Patient Perceptions of Whom is Most Involved in Their Care with Successive Duty Hour Limits
- PMID: 26173513
- PMCID: PMC4539331
- DOI: 10.1007/s11606-015-3239-0
Patient Perceptions of Whom is Most Involved in Their Care with Successive Duty Hour Limits
Abstract
Background: Although direct patient care is necessary for experiential learning during residency, inpatient perceptions of the roles of resident and attending physicians in their care may have changed with residency duty hours.
Objective: We aimed to assess if patients' perceptions of who is most involved in their care changed with residency duty hours.
Design: This was a prospective observational study over 12 years at a single institution.
Participants: Participants were 22,408 inpatients admitted to the general medicine teaching service from 2001 to 2013, who completed a 1-month follow-up phone interview.

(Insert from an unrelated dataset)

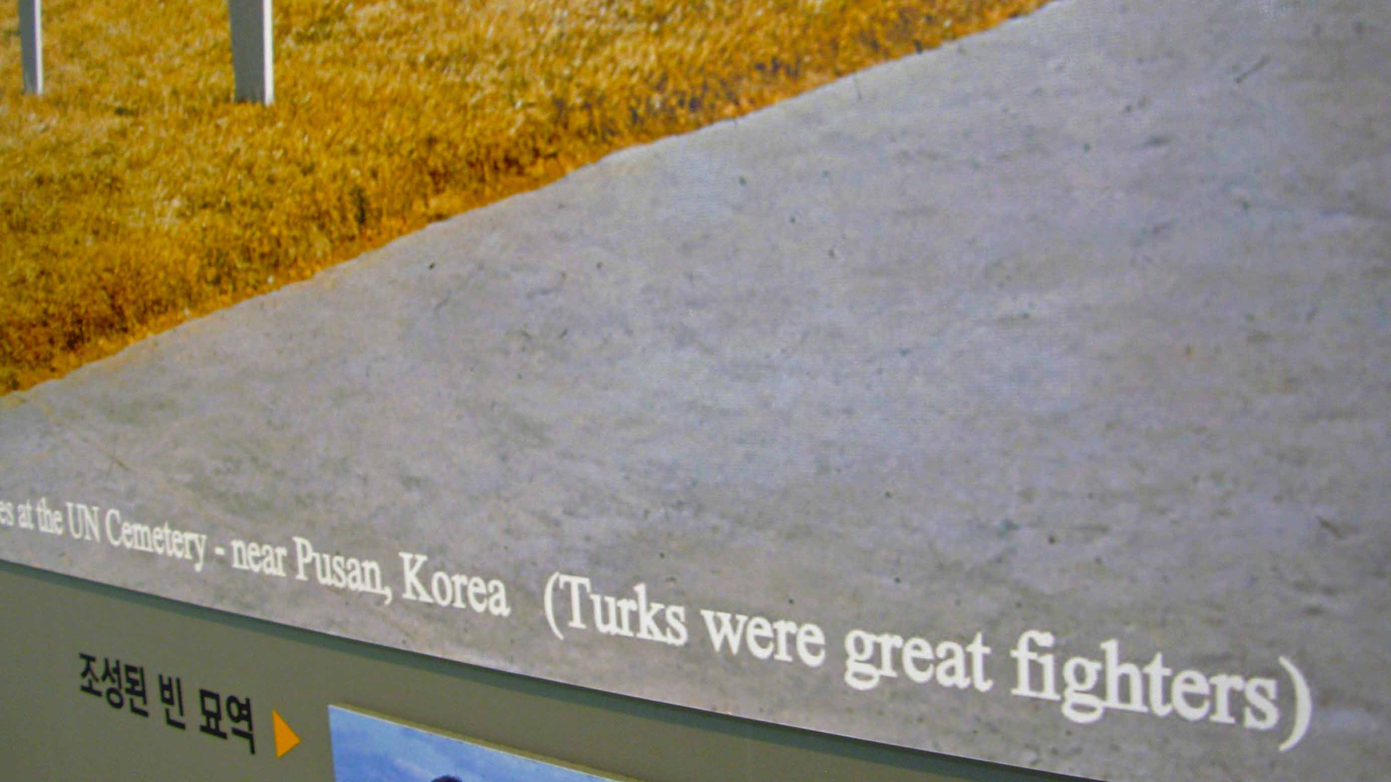 Busan Kulesinde fotoğraf sergisindeki fotoğraflardan birinde, Türk Şehitliği’nin eski hali görünüyor. Altta göğsümüzü kabartan bir cümle; “Türkler büyük savaşçılardı”.
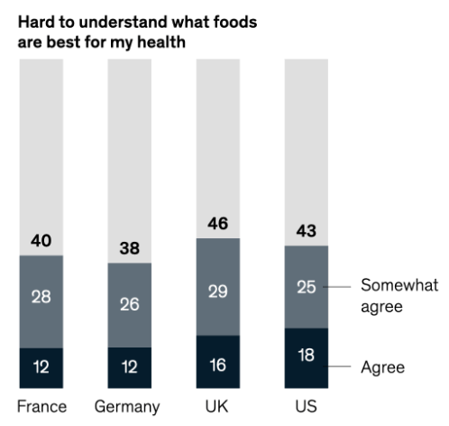 Málokdo totiž umí nebo má čas číst detailní složení potravin na zadní straně obalu. Jak ukazuje třeba nedávný průzkum McKinsey v největších zemích, zhruba 4 lidé z 10 přiznávají, že je pro ně těžké poznat, které potraviny jsou nejlepší pro jejich zdraví.

Main measures: Percentage of inpatients who reported an attending, resident, or intern as most involved in their care by duty hour period (pre-2003, post-2003-pre-2011, post-2011).

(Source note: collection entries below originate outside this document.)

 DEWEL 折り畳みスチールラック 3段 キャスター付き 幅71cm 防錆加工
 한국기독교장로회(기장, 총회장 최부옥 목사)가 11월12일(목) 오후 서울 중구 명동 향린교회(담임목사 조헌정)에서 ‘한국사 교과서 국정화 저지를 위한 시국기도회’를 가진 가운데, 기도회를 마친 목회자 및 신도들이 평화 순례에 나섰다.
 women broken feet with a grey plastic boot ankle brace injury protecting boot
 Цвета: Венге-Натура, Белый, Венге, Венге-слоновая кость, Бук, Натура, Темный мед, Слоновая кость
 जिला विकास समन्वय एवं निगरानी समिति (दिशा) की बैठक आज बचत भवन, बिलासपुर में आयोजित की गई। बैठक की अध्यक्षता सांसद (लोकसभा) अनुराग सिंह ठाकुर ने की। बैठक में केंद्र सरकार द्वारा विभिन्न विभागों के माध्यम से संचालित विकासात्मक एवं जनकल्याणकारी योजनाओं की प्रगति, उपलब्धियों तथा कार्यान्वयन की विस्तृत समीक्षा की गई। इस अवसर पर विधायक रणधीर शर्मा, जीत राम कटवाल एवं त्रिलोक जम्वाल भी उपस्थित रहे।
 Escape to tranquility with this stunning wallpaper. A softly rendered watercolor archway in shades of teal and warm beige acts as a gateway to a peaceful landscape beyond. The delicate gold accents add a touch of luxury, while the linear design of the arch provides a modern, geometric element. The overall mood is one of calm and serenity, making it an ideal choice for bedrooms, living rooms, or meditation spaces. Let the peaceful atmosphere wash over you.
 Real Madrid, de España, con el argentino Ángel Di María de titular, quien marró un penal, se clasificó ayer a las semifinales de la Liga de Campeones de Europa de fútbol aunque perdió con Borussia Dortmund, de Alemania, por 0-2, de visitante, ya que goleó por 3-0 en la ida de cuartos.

Key results: With successive duty hour limits, the percentage of patients who reported the attending as most involved in their care increased (pre-2003 20 %, post-2003-pre-2011 29 %, post-2011 37 %, p < 0.001). Simultaneously, fewer patients reported a housestaff physician (resident or intern) as most involved in their care (pre-2003 20 %, post-2003-pre-2011 17 %, post-2011 12 %, p < 0.001). In multinomial regression models controlling for patient age, race, gender and hospitalist as teaching attending, the relative risk ratio of naming the resident versus the attending was higher in the pre-2003 period (1.44, 95 % CI 1.28-1.62, p < 0.001) than the post-2003-pre-2011 (reference group). In contrast, the relative risk ratio for naming the resident versus the attending was lower in the post-2011 period (0.79, 95 % CI 0.68-0.93, p = 0.004) compared to the reference group.

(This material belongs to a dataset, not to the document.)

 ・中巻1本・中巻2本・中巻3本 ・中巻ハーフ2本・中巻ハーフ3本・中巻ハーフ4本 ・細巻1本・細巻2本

Conclusions: After successive residency duty hours limits, hospitalized patients were more likely to report the attending physician and less likely to report the resident or intern as most involved in their hospital care. Given the importance of experiential learning to the formation of clinical judgment for independent practice, further study on the implications of these trends for resident education and patient safety is warranted.